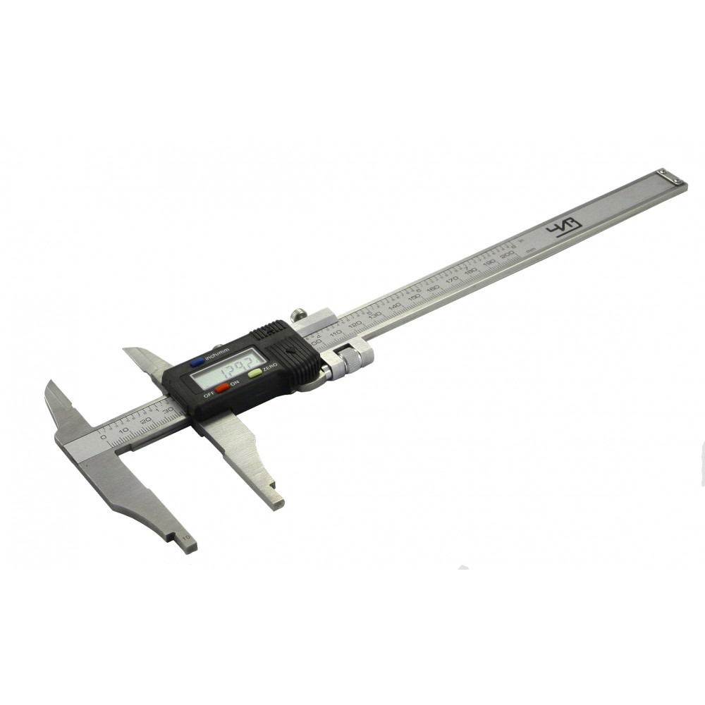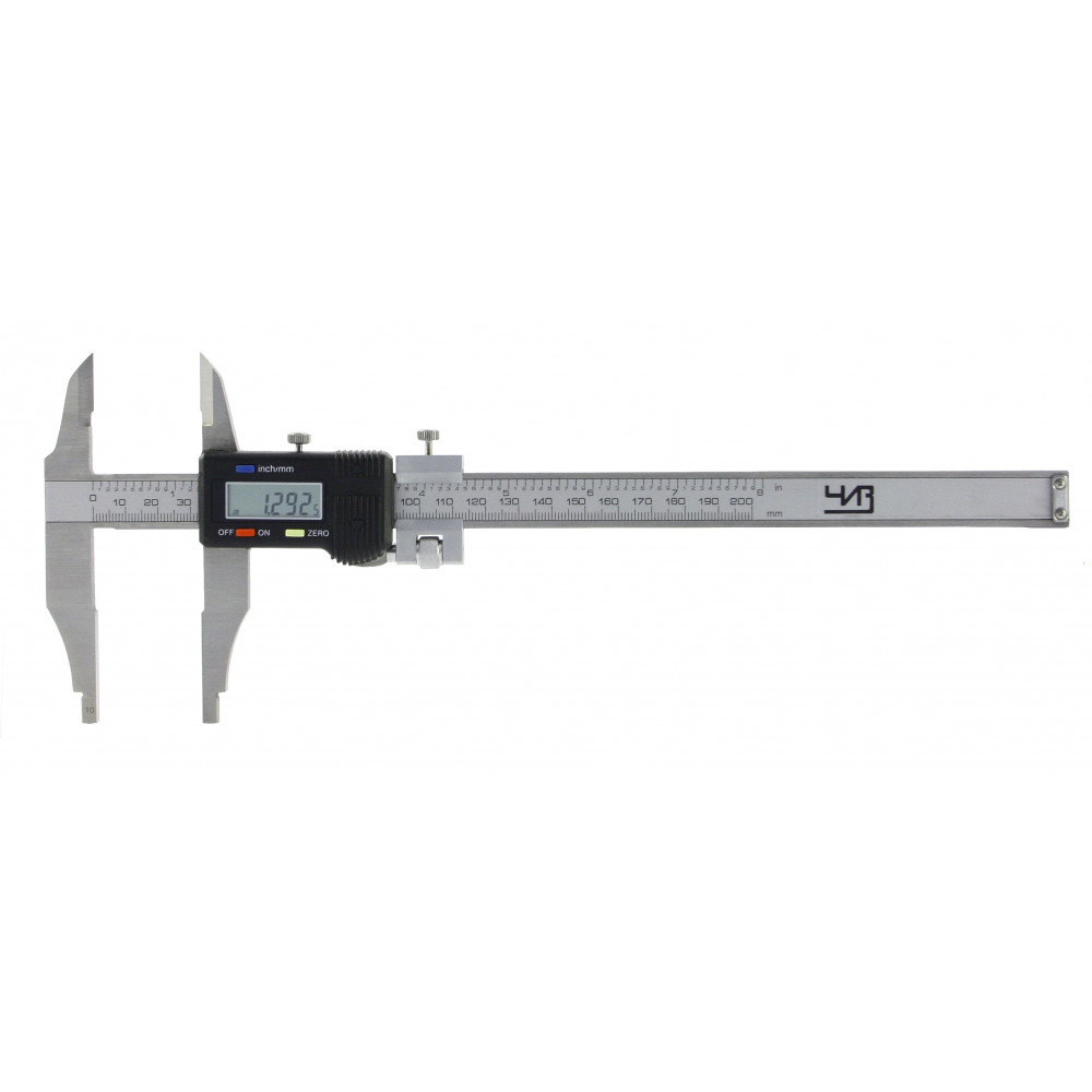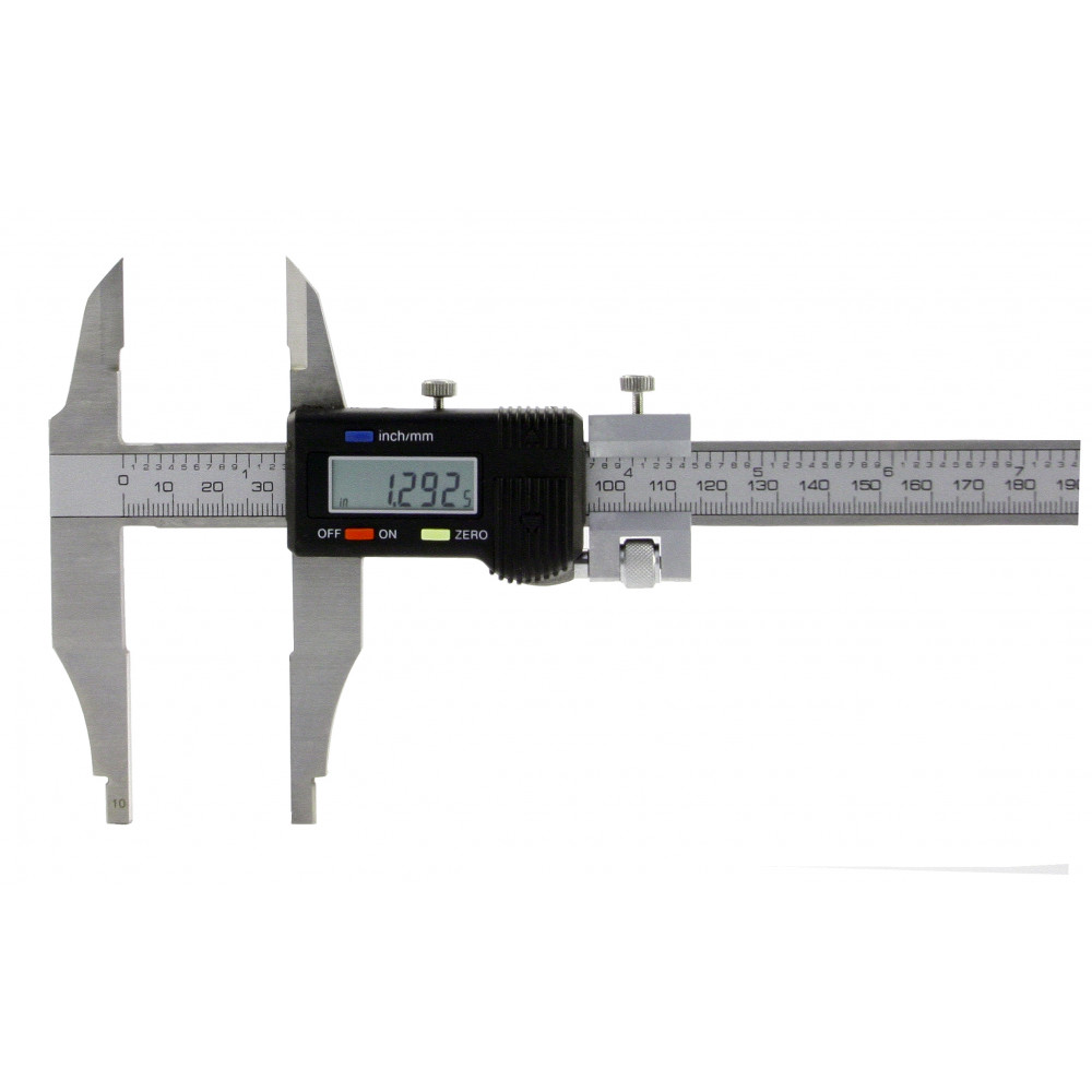Прибор имеет штангу со шкалой, но в отличие от механического типа функцию нониуса здесь выполняет цифровой блок. Удобство электронного ШЦ в том, что показания выводятся сразу на дисплей – нет необходимости тратить время на подсчет значений по делениям шкал. Также здесь можно быстро выставить прибор на «нуль» в любом месте шкалы, производить вычисления в миллиметрах и в дюймах.
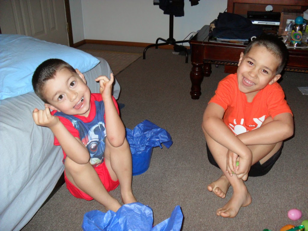 We got a package from Daddy this week! It included new shoes from Grandma, I got some dresses. candy, the boys got another recorded book. There is one point, when Luis is done reading the book, where he says "Jackson, Jacob"... and goes on to say a sweet message to them. After he says their names the boys always say "What?" Like they are talking to him. It's cute.
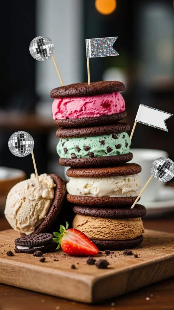 13. Ice Cream Sandwich Stack With Disco-Flag Toppers
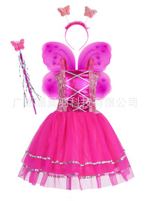 2021跨境爆款儿童万圣节花仙子蝴蝶翅膀吊带连衣裙...
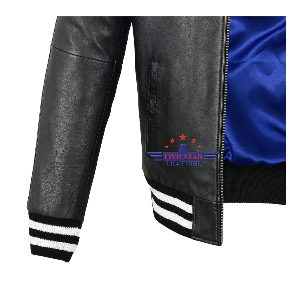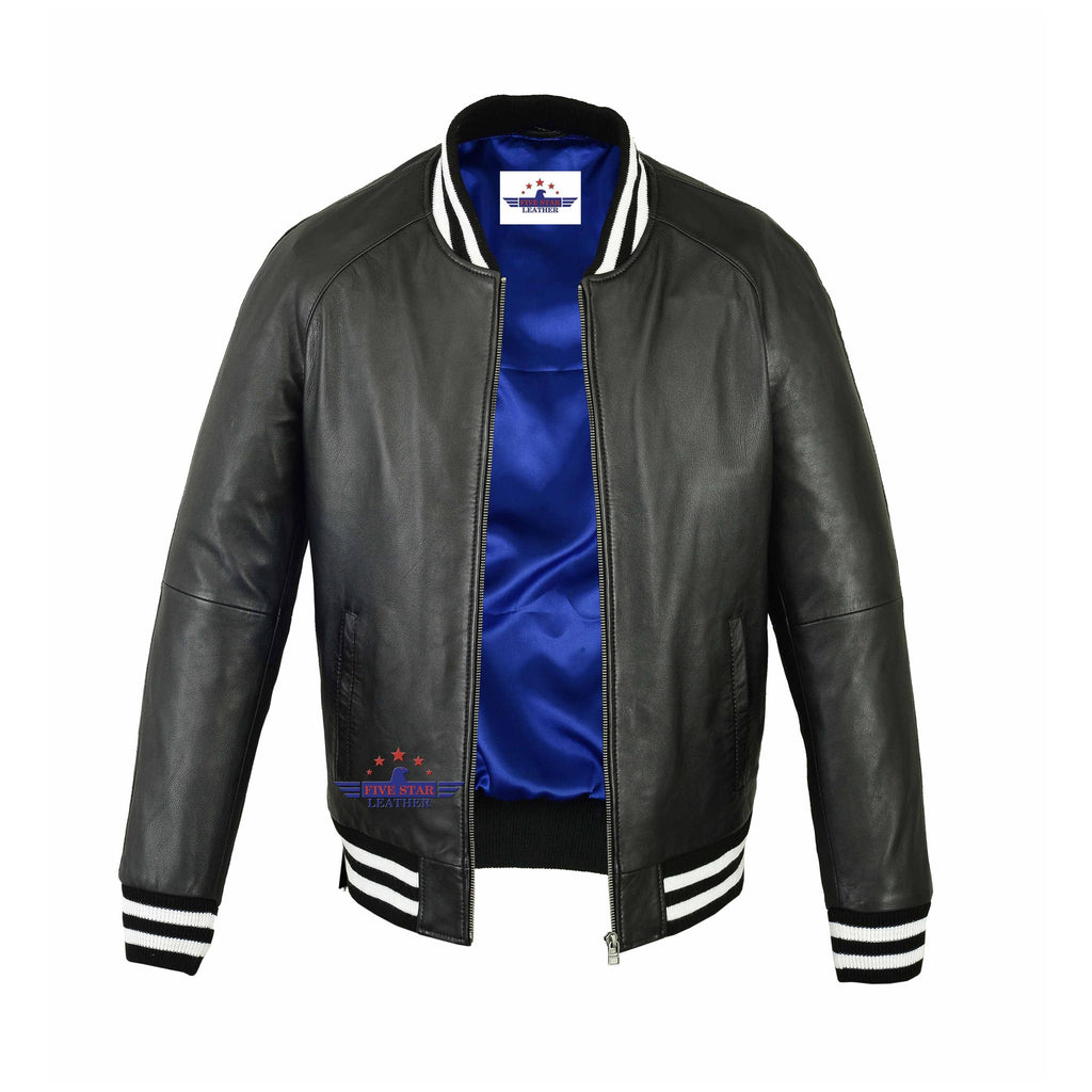 Men Real Soft Lamb Leather Varsity Baseball Bomber College Raglan sleeve Jacket
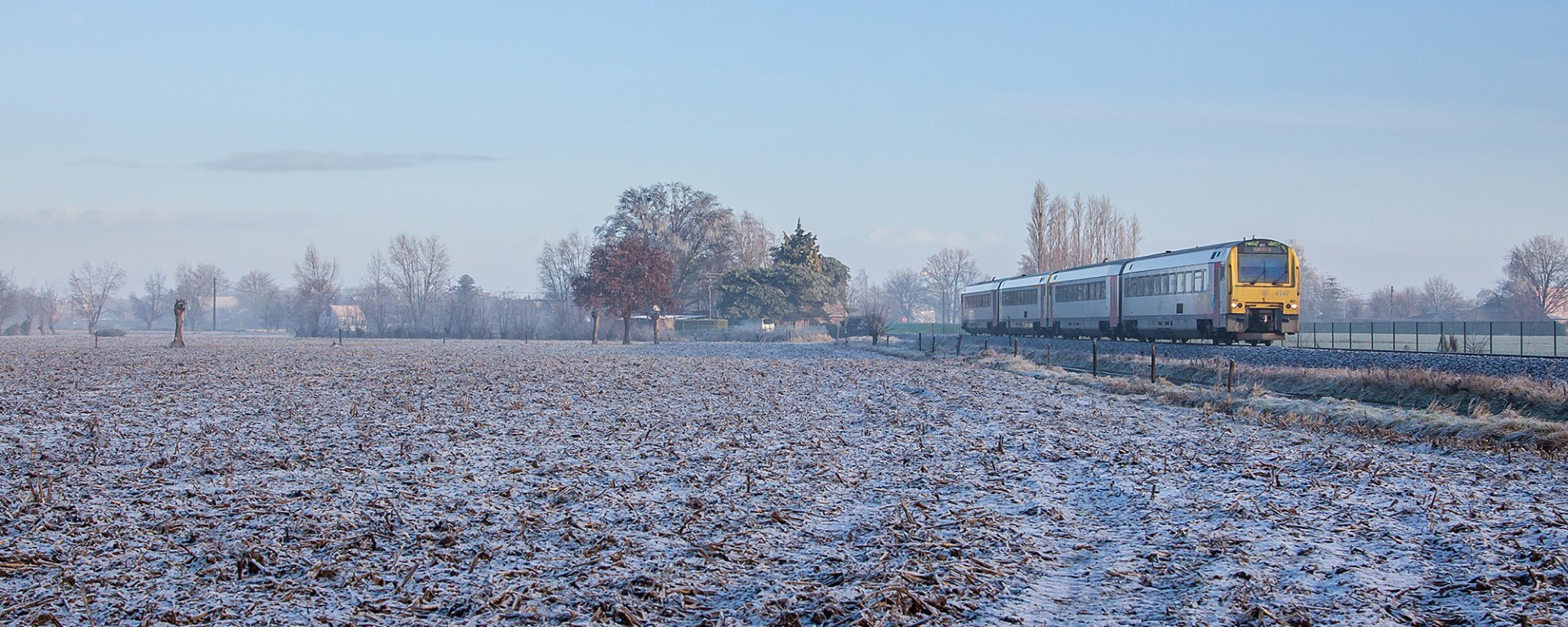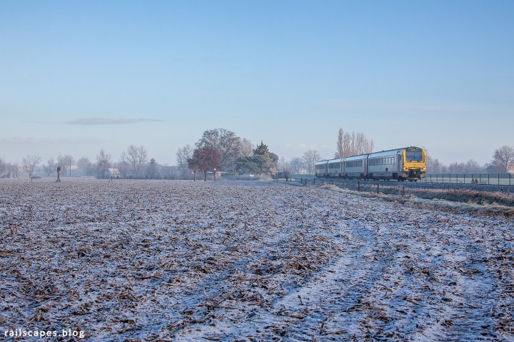 The sun is rising slowly above the frozen fields, that will slowly warm up and lose their white tint. A typical view on regional non electrified lines in Belgium since the early 2000’s, but wintery scenes like this are still very enjoyable.
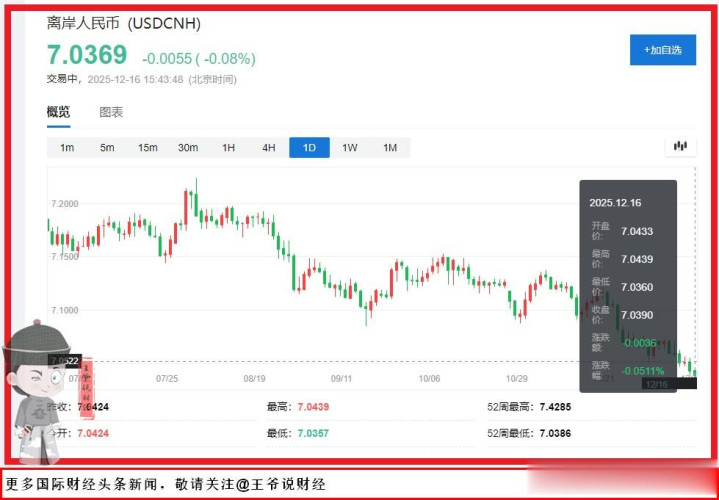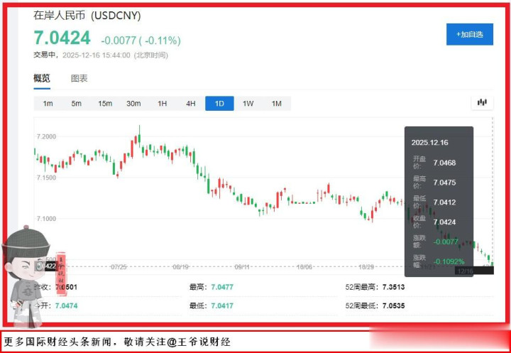 可能有人没概念,咱们用大白话拆解:从11月21日至今,短短20多天,人民币从7.11附近一路飙升到7.05,足足涨了600个基点。
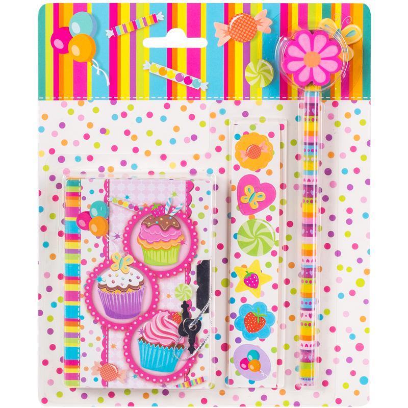 Записная книжка 7БЦ А7 64л. ArtSpace "Cupcake" метал.замок+карандаш,ластик,наклейки, подар.уп.
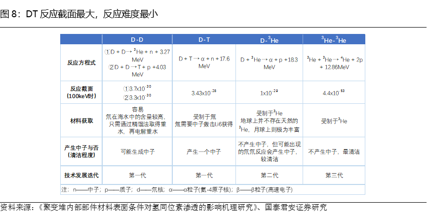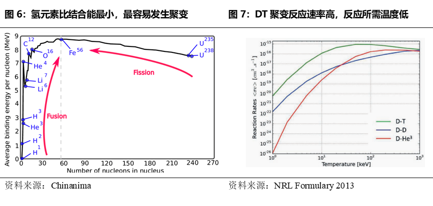 可控核聚变以氢为原料,原因在于氢的比结合能最小,核内质子、中子结合得最不牢固,越容易与其他原子核结合。氢的同位素有氕H、氘D、氚T,在众多组合中,氘氚聚变(DT聚变)反应截面最大,能够发生反应的范围最大,所需促使原子核结合的外力(加热、加压)最小,反应难度最小,因此是目前最为主流的技术路线。
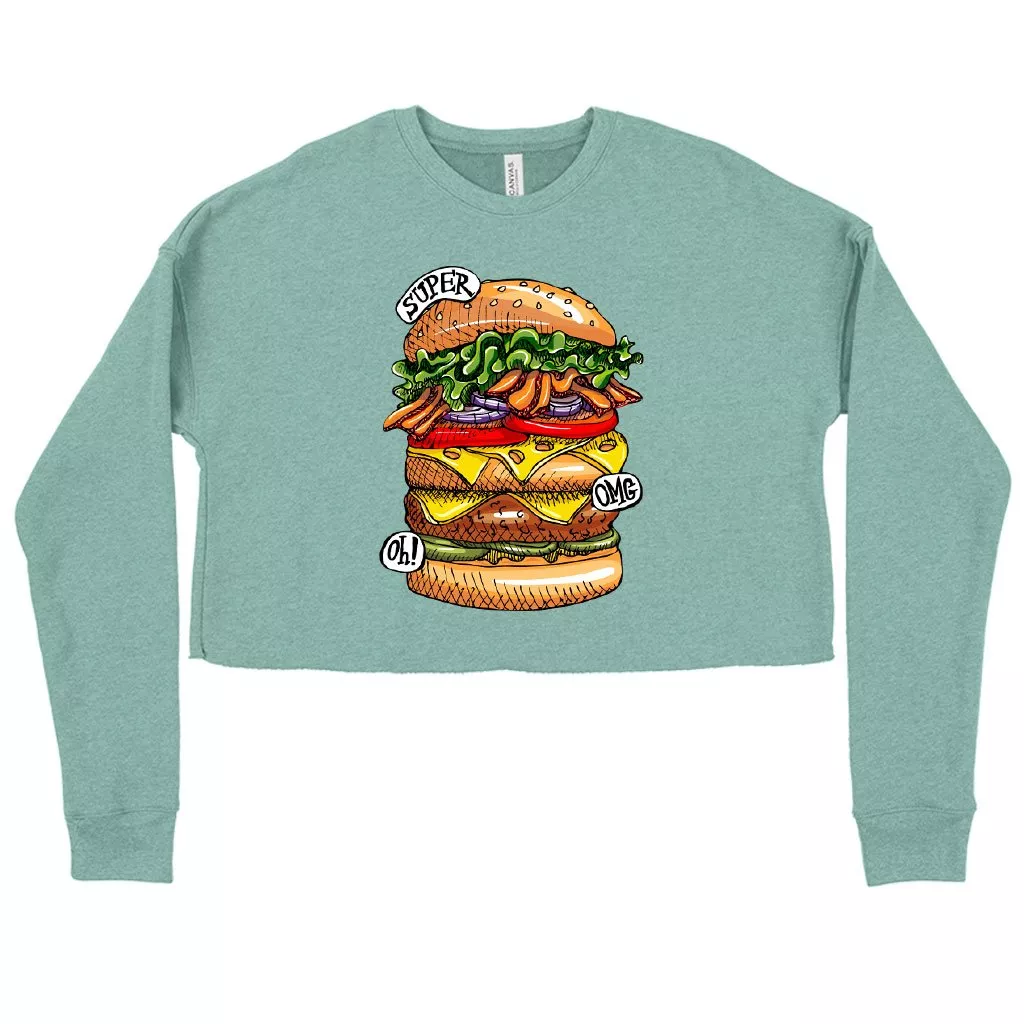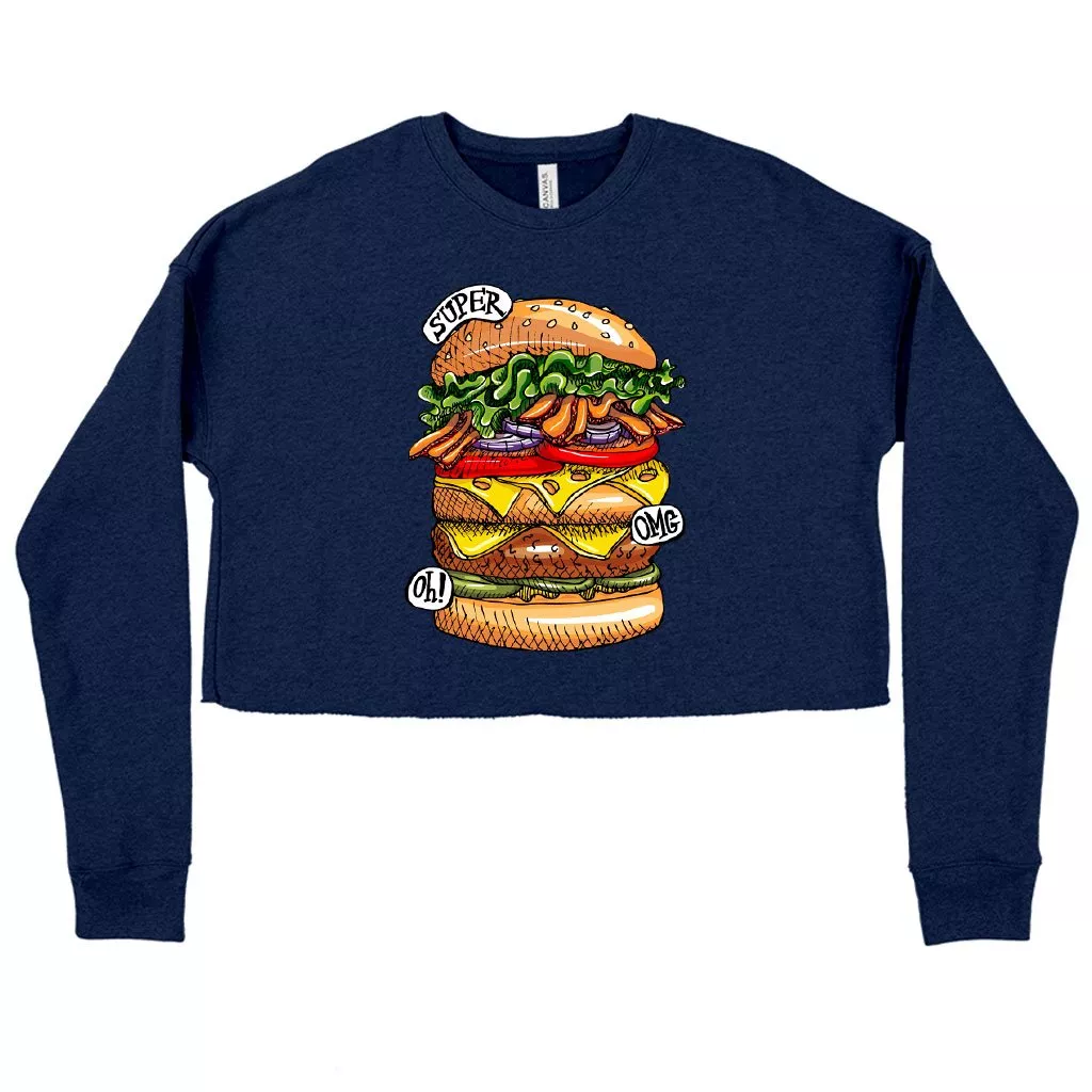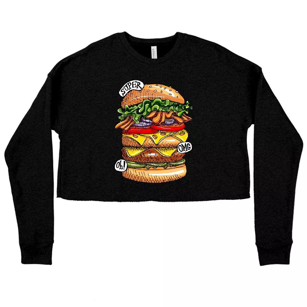 Women’s Cropped Fleece Burger Sweatshirt – Cool Food Sweatshirts

---------------

- **YOUR GOAL**
Write out all the entries word for word, but drop the pictures.

- **SOLUTION TO THIS EXERCISE**
Прибор имеет штангу со шкалой, но в отличие от механического типа функцию нониуса здесь выполняет цифровой блок. Удобство электронного ШЦ в том, что показания выводятся сразу на дисплей – нет необходимости тратить время на подсчет значений по делениям шкал. Также здесь можно быстро выставить прибор на «нуль» в любом месте шкалы, производить вычисления в миллиметрах и в дюймах.
 We got a package from Daddy this week! It included new shoes from Grandma, I got some dresses. candy, the boys got another recorded book. There is one point, when Luis is done reading the book, where he says "Jackson, Jacob"... and goes on to say a sweet message to them. After he says their names the boys always say "What?" Like they are talking to him. It's cute.
 13. Ice Cream Sandwich Stack With Disco-Flag Toppers
 2021跨境爆款儿童万圣节花仙子蝴蝶翅膀吊带连衣裙...
 Men Real Soft Lamb Leather Varsity Baseball Bomber College Raglan sleeve Jacket
 The sun is rising slowly above the frozen fields, that will slowly warm up and lose their white tint. A typical view on regional non electrified lines in Belgium since the early 2000’s, but wintery scenes like this are still very enjoyable.
 可能有人没概念,咱们用大白话拆解:从11月21日至今,短短20多天,人民币从7.11附近一路飙升到7.05,足足涨了600个基点。
 Записная книжка 7БЦ А7 64л. ArtSpace "Cupcake" метал.замок+карандаш,ластик,наклейки, подар.уп.
 可控核聚变以氢为原料,原因在于氢的比结合能最小,核内质子、中子结合得最不牢固,越容易与其他原子核结合。氢的同位素有氕H、氘D、氚T,在众多组合中,氘氚聚变(DT聚变)反应截面最大,能够发生反应的范围最大,所需促使原子核结合的外力(加热、加压)最小,反应难度最小,因此是目前最为主流的技术路线。
 Women’s Cropped Fleece Burger Sweatshirt – Cool Food Sweatshirts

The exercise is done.